- Recorded information
"""
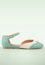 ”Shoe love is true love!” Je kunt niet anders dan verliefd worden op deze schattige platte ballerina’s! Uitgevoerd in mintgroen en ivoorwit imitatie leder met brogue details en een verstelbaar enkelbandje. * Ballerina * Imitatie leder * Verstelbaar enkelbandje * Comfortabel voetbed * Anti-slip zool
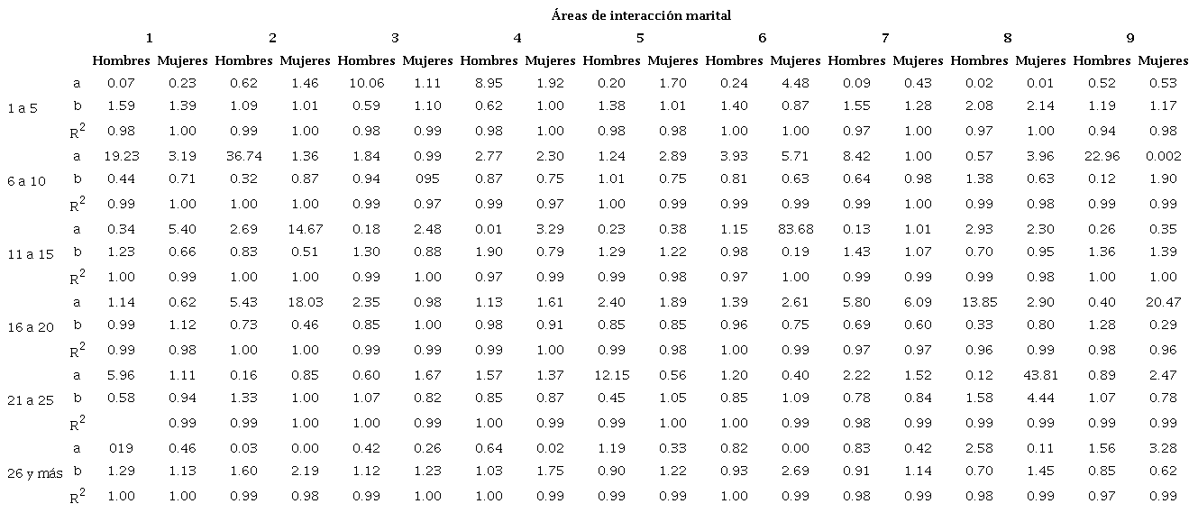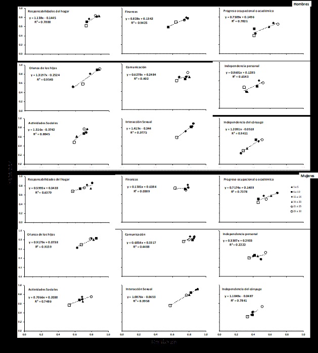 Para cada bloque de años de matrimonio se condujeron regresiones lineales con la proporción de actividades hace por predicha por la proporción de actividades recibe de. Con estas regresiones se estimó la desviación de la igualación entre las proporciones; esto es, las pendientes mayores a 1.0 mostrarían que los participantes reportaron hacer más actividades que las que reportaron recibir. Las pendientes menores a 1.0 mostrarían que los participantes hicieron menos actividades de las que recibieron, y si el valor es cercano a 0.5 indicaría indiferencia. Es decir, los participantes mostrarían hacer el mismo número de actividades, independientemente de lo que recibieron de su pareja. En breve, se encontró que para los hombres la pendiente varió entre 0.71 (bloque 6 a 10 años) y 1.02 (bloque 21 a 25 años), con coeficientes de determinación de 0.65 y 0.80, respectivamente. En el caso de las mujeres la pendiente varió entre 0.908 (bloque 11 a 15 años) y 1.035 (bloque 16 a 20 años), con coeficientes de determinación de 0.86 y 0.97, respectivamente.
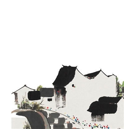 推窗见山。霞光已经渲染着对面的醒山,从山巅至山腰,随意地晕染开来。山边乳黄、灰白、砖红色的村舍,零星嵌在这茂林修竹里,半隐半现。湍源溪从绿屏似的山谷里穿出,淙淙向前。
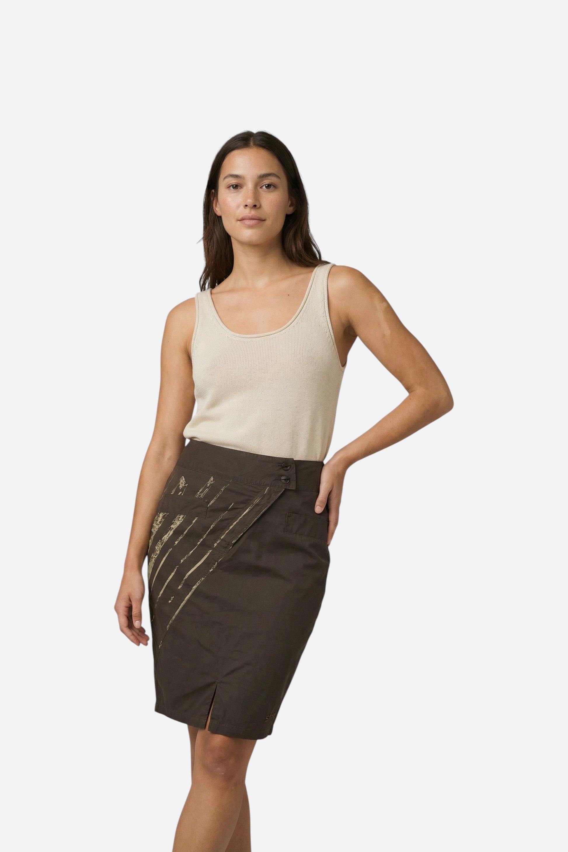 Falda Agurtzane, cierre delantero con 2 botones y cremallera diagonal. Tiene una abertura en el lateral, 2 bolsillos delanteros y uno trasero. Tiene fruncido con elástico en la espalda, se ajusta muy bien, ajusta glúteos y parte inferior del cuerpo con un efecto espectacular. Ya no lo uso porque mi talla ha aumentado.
"""
- Brief
Copy out all the data exactly; skip the pictures.

- Answer space
 ”Shoe love is true love!” Je kunt niet anders dan verliefd worden op deze schattige platte ballerina’s! Uitgevoerd in mintgroen en ivoorwit imitatie leder met brogue details en een verstelbaar enkelbandje. * Ballerina * Imitatie leder * Verstelbaar enkelbandje * Comfortabel voetbed * Anti-slip zool
 Para cada bloque de años de matrimonio se condujeron regresiones lineales con la proporción de actividades hace por predicha por la proporción de actividades recibe de. Con estas regresiones se estimó la desviación de la igualación entre las proporciones; esto es, las pendientes mayores a 1.0 mostrarían que los participantes reportaron hacer más actividades que las que reportaron recibir. Las pendientes menores a 1.0 mostrarían que los participantes hicieron menos actividades de las que recibieron, y si el valor es cercano a 0.5 indicaría indiferencia. Es decir, los participantes mostrarían hacer el mismo número de actividades, independientemente de lo que recibieron de su pareja. En breve, se encontró que para los hombres la pendiente varió entre 0.71 (bloque 6 a 10 años) y 1.02 (bloque 21 a 25 años), con coeficientes de determinación de 0.65 y 0.80, respectivamente. En el caso de las mujeres la pendiente varió entre 0.908 (bloque 11 a 15 años) y 1.035 (bloque 16 a 20 años), con coeficientes de determinación de 0.86 y 0.97, respectivamente.
 推窗见山。霞光已经渲染着对面的醒山,从山巅至山腰,随意地晕染开来。山边乳黄、灰白、砖红色的村舍,零星嵌在这茂林修竹里,半隐半现。湍源溪从绿屏似的山谷里穿出,淙淙向前。
 Falda Agurtzane, cierre delantero con 2 botones y cremallera diagonal. Tiene una abertura en el lateral, 2 bolsillos delanteros y uno trasero. Tiene fruncido con elástico en la espalda, se ajusta muy bien, ajusta glúteos y parte inferior del cuerpo con un efecto espectacular. Ya no lo uso porque mi talla ha aumentado.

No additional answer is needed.